B. I'd like to salute Fungalnet for the fantastic job with the Wordpress systemd-free. (I've been following this not-as-much-a-blog-as-a-now-true-site for several years. But it's only recently that I posted my first few messages.) Fungalnet, that's thanks to you restlessly promoting the beauty of the "Obarun Way" (and thanks to Éric's documentation too) that I finally overcame my fears and installed Obarun on my main computer two months ago, setting as a symbolic act to start 2020 on Obarun.

C. I'd like to thank Jean-Michel (another Frenchie?) for his involvement and expertise and for his answers. Man, you really saved my day two weeks ago with your "patch" of dbus & polkit. Had I not found the answer to my issues in your post then, I was about to (Oba)run away, haha!

D. I'd like to say hello to anyone who lands on this page. We may have several things in common. And even if not: hail to thee!


Now, "please allow me to introduce myself", as Mick's lyrics go.

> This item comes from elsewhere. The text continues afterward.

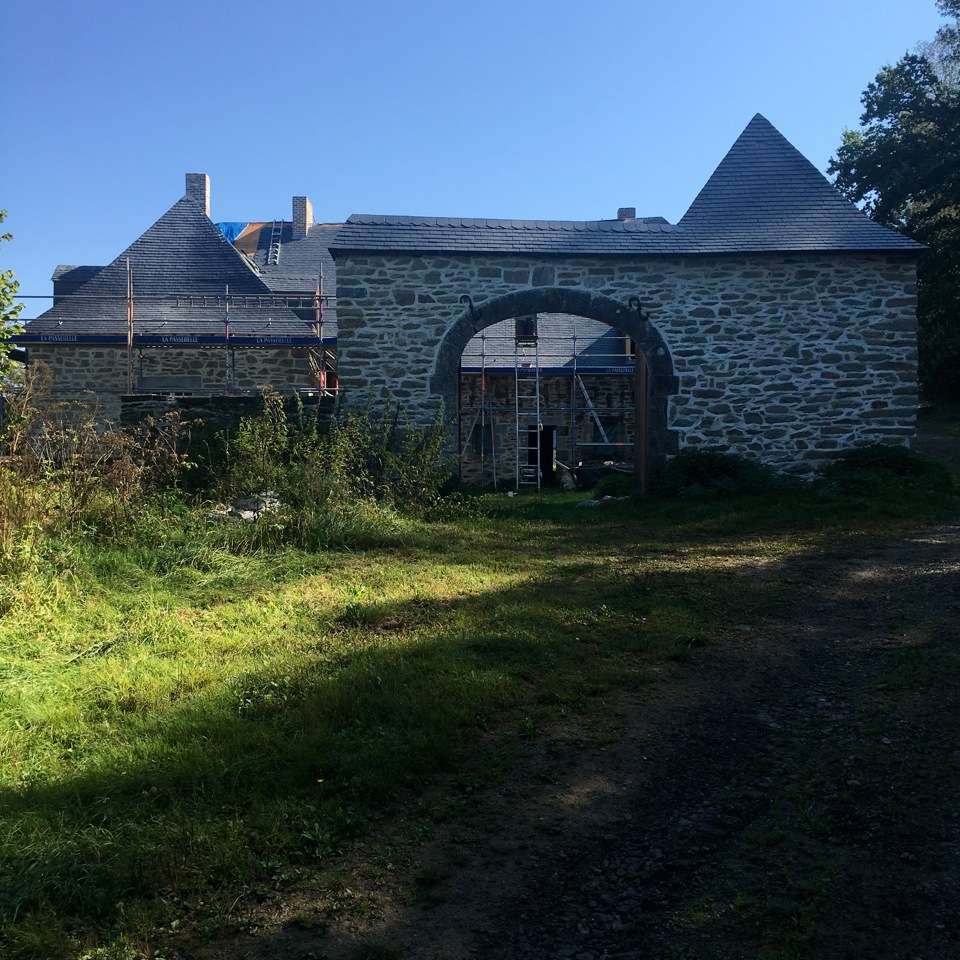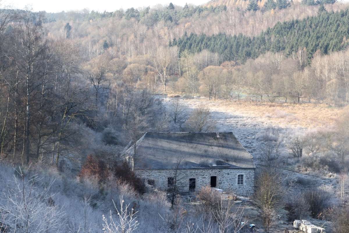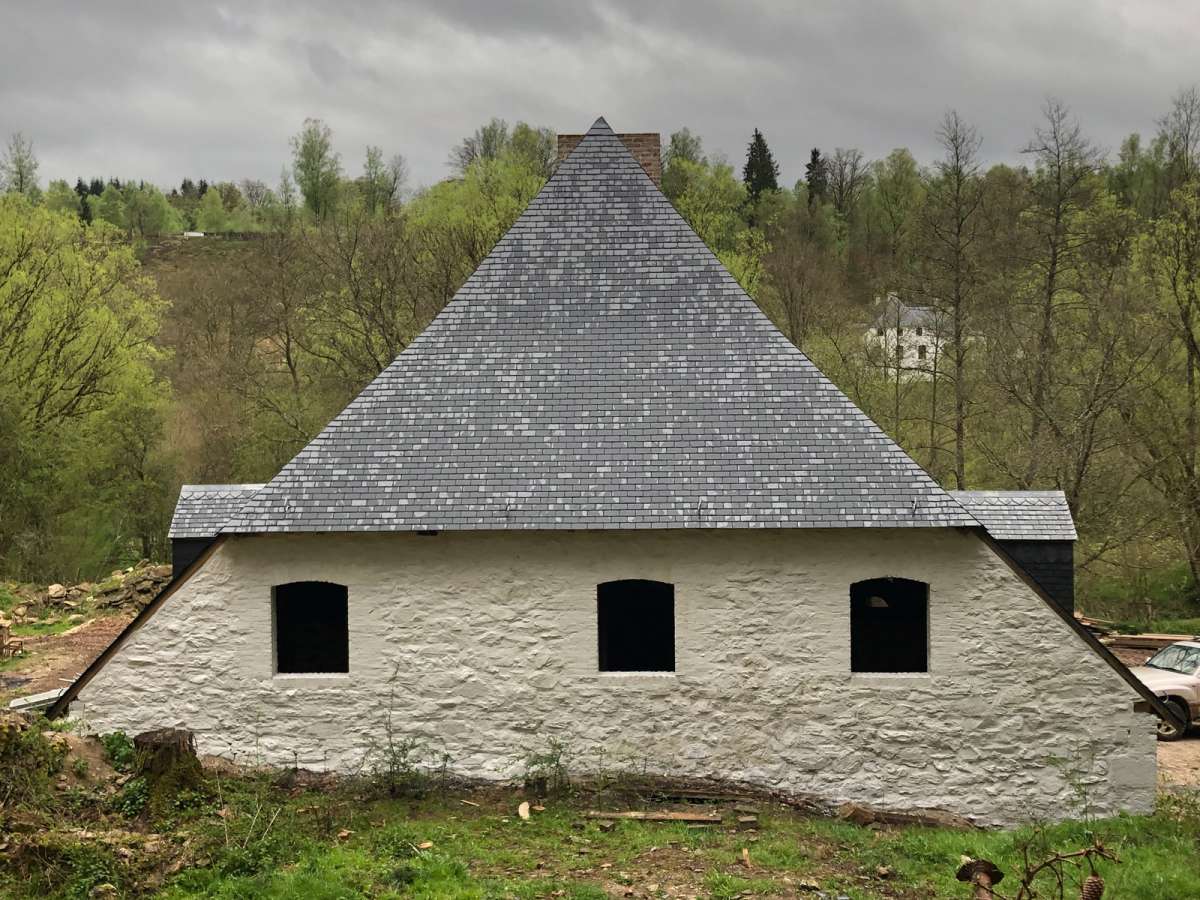 Dans la Vallée de l’Eau Noire, site d’une ancienne forge disparue, dont subsistent la maison du maître ou contremaître de forge et les ruines d’une ferme du XIXème siècle. Le projet du Maître d’Ouvrage est de gérer un ensemble de bois de +-180Ha dans une optique écologique et paysagère dans la Vallée de l’Eau Noire ; il vise la suppression des plantations artificielles (résineux et peupliers) et la restauration d’anciennes prairies et de milieux humides qui s’apparentent aux zones récemment proposées pour NATURA2000. Dominant la vallée, la maison du Pont St Nicolas est constituée petit ensemble clôturé bâti au XVIIIème groupant un logis, des étables – transformées en habitation vers 1980 – et diverses remises. Le projet architectural vise à gommer les interventions malheureuses par la réinterprétation des modèles locaux ayant pu être observés sur des bâtiments encore intacts. La toiture retrouvera sa masse et les maçonneries de calcaire seront remaillées avec des matériaux de récupération ou similaires, dans le respect de l’appareil existant. De l’autre côté de la rivière, la ferme des Migneries sera reconstruite sur base des relevés et photos anciennes, sur de nouvelles fondations. L’étable et la grange resteront sur terre battue. Les principes directeurs de la reconstruction sont identiques à ceux de la restauration du Pont St Nicolas décrits ci-avant, à la différence que les fonctions agricoles du bâtiment – ici maintenues – nous permettent un respect quasi intégral de l’architecture originelle, particulièrement en ce qui concerne les étables, grange et fenil.

As for my 1st point, I am a bit part of both categories and a bit of none. (How is this possible?) Well, I had run several Arch-derivated but never installed a "vanilla" Arch so far. (Back in the days before systemd, I run ArchBang half a year and then Manjaro two years — if my memory serves me well, it was 2011-2014.) During this period, I wouldn't install vanilla Arch because I was a bit too afraid — and also not inclined enough to consume the time necessary to build down-up to get a system that works. More recently, I would not have cared to install Arch anyway because I don't see the point of installing one of the distros (if not the distro) that avant-garded the spreading of systemd. — I still remember it with sadness and anger: I was running Manjaro during the forced transition from sysV to systemd. Until then, Manjaro (Openbox flavour) had been a terrific distro, the almost perfect compromise of power, leightweightness and usability. Until Arch (and hence Manjaro) defaulted systemd, I had been a happy (end-)user during two years.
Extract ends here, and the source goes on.